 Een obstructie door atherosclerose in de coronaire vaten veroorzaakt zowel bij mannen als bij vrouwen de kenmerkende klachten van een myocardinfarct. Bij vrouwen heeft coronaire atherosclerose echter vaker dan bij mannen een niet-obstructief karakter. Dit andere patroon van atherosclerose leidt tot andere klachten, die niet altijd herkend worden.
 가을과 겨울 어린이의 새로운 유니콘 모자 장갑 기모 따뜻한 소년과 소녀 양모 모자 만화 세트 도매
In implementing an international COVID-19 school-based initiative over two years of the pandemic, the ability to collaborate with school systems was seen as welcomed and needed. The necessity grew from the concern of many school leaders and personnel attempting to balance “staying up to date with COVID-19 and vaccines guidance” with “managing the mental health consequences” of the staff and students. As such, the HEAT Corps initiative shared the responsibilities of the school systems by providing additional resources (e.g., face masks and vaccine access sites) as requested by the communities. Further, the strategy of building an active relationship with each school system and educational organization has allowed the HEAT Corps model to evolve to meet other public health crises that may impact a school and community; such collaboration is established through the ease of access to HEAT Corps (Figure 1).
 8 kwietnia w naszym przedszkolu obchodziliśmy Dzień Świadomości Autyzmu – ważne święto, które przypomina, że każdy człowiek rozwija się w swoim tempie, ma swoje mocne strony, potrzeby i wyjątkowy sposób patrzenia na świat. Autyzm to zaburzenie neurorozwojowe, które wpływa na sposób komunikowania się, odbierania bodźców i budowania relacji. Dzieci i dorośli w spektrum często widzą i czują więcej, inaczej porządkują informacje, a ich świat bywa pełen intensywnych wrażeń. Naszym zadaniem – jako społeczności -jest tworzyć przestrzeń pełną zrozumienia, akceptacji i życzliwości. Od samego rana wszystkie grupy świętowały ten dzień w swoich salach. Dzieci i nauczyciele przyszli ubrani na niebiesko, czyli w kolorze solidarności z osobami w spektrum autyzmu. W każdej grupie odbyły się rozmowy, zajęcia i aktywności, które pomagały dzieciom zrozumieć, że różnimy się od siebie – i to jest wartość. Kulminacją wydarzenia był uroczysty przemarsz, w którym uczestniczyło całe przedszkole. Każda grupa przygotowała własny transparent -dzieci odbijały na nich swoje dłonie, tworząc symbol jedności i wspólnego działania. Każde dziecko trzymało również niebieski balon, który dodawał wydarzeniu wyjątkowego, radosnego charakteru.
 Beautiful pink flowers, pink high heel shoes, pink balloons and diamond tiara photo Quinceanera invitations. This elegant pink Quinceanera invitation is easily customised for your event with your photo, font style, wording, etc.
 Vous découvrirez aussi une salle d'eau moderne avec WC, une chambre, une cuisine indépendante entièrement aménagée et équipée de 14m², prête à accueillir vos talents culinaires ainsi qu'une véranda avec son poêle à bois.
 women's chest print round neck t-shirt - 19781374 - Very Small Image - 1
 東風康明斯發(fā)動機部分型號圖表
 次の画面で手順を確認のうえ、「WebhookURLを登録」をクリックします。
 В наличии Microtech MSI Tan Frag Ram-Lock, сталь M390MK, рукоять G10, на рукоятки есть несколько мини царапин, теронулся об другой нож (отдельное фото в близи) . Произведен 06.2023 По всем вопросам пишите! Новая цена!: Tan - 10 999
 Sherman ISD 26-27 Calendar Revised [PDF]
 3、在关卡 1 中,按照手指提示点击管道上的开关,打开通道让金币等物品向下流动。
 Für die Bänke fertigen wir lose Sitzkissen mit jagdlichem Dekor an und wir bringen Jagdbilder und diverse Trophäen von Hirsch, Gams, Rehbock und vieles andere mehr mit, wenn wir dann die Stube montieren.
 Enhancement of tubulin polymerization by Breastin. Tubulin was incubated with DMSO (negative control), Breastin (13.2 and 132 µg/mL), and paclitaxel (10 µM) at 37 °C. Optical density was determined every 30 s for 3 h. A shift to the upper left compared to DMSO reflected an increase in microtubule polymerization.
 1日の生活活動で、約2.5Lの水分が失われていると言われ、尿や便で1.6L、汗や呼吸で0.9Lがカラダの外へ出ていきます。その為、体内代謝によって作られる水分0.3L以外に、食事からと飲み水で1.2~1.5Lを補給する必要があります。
::::::
Work order: In the listing, return each line containing the string "with".

The completed task:
In implementing an international COVID-19 school-based initiative over two years of the pandemic, the ability to collaborate with school systems was seen as welcomed and needed. The necessity grew from the concern of many school leaders and personnel attempting to balance “staying up to date with COVID-19 and vaccines guidance” with “managing the mental health consequences” of the staff and students. As such, the HEAT Corps initiative shared the responsibilities of the school systems by providing additional resources (e.g., face masks and vaccine access sites) as requested by the communities. Further, the strategy of building an active relationship with each school system and educational organization has allowed the HEAT Corps model to evolve to meet other public health crises that may impact a school and community; such collaboration is established through the ease of access to HEAT Corps (Figure 1).
 Beautiful pink flowers, pink high heel shoes, pink balloons and diamond tiara photo Quinceanera invitations. This elegant pink Quinceanera invitation is easily customised for your event with your photo, font style, wording, etc.
 Enhancement of tubulin polymerization by Breastin. Tubulin was incubated with DMSO (negative control), Breastin (13.2 and 132 µg/mL), and paclitaxel (10 µM) at 37 °C. Optical density was determined every 30 s for 3 h. A shift to the upper left compared to DMSO reflected an increase in microtubule polymerization.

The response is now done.